Canadian methanol company

Methanex Corporation is a Canadian company that supplies, distributes and markets methanol worldwide.

Methanex is the world’s largest producer and supplier of methanol to major international markets in North and South America, Europe, and Asia Pacific. Methanex is headquartered in Vancouver, British Columbia, Canada, and operates production sites in Canada, Chile, Egypt, New Zealand (at Motunui and Waitara Valley), the United States, and Trinidad and Tobago. Its global operations are supported by an extensive global supply chain of terminals, storage facilities and the world’s largest dedicated fleet of methanol ocean tankers.

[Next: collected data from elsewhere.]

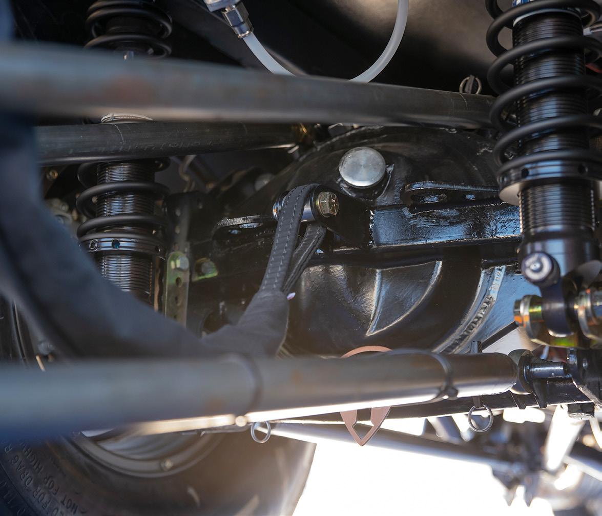 Up front a 6-inch drop straight axle was used with custom leaf springs, Afco adjustable shocks and Flaming River Vega steering box.
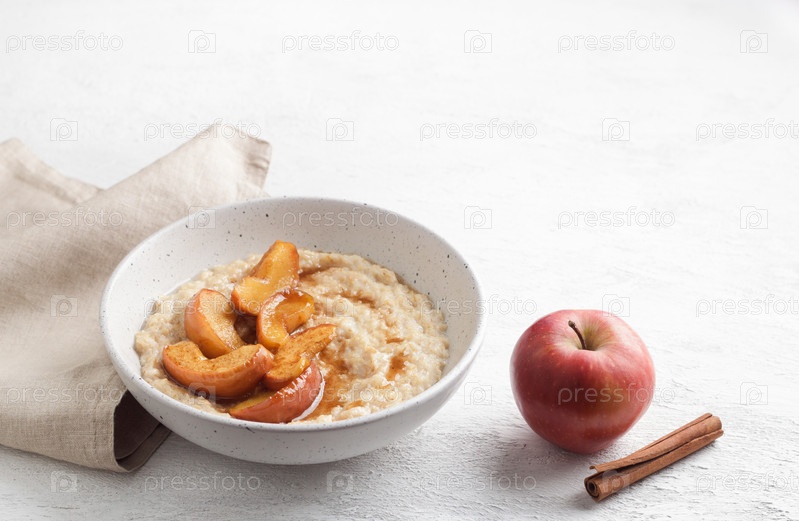 Сладкая овсяная каша с дольками печеного яблока, корицей и карамельным соусом в серой миске на светлом фоне
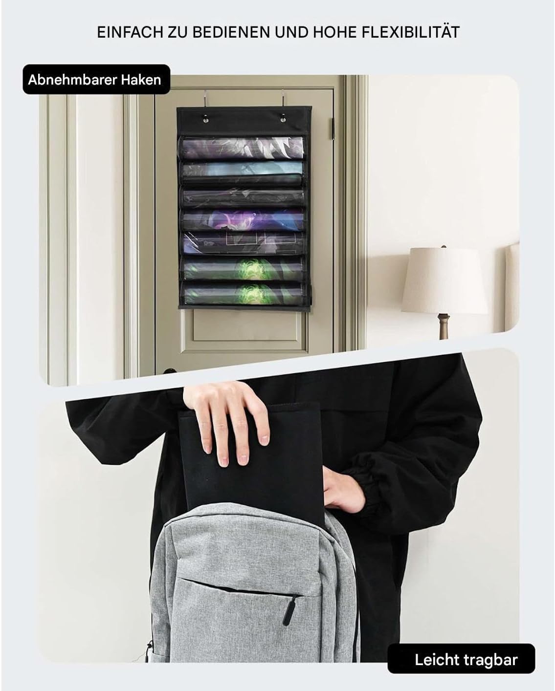 Spazio sufficiente: dotato di un sistema di separazione multistrato, assicura che i tappetini siano conservati in modo sicuro, protetti dalla polvere e tenuti puliti per fornire tutte le tue esigenze di gioco per uno spazio considerevole Design user-friendly: con un design a slot trasparente, questo supporto garantisce il riconoscimento rapido dei tappetini da gioco e allo stesso tempo supporta diverse dimensioni MAT per ottimizzare in modo efficiente il processo di configurazione Installazione senza sforzo: il supporto per tappetini da gioco a sospensione veloce si installa facilmente su porte, pareti o armadi, senza bisogno di strumenti complessi per garantire un'esperienza facile per tutti gli utenti Uso efficace dello spazio Questa borsa per tappetini da gioco creata fino all'ultimo: realizzata con materiali compositi e rinforzi stabili e offre una memoria affidabile senza deformazioni

Methanex Corporation challenged California's plan to eliminate methyl tertiary butyl ether (MTBE) from gasoline on grounds of water pollution prevention, claiming protection under Chapter 11 of NAFTA and demanding US$970 million in compensation from the state. The challenge was ultimately not successful and Methanex was ordered to reimburse the U.S. government $4 million in litigation costs.

In 2012, Methanex announced that it acquired land in Geismar, Louisiana, and that it would move one of its idle Chilean methanol plants there. Methanex confirmed that the reason was the low price of natural gas available in North America and Louisiana.

Regional marketing offices are located in Belgium, Chile, China, Egypt, Korea, Japan, the United Arab Emirates, the United Kingdom and the United States.

In 2026 Methanex announced that it will be effectively closing its plant in New Zealand.

==Waterfront Shipping Ltd.==
Methanex's majority owned subsidiary, Waterfront Shipping Limited, is a global marine transportation company that operates a fleet of 30 ocean tankers. In 2016, the company announced the delivery of seven first Korean and Japanese built methanol-fueled ocean tankers. Methanex and Mitsui O.S.K. Lines announced plans for a strategic partnership in July 2021, resulting in MOL's purchase of a 40% stake in WFS.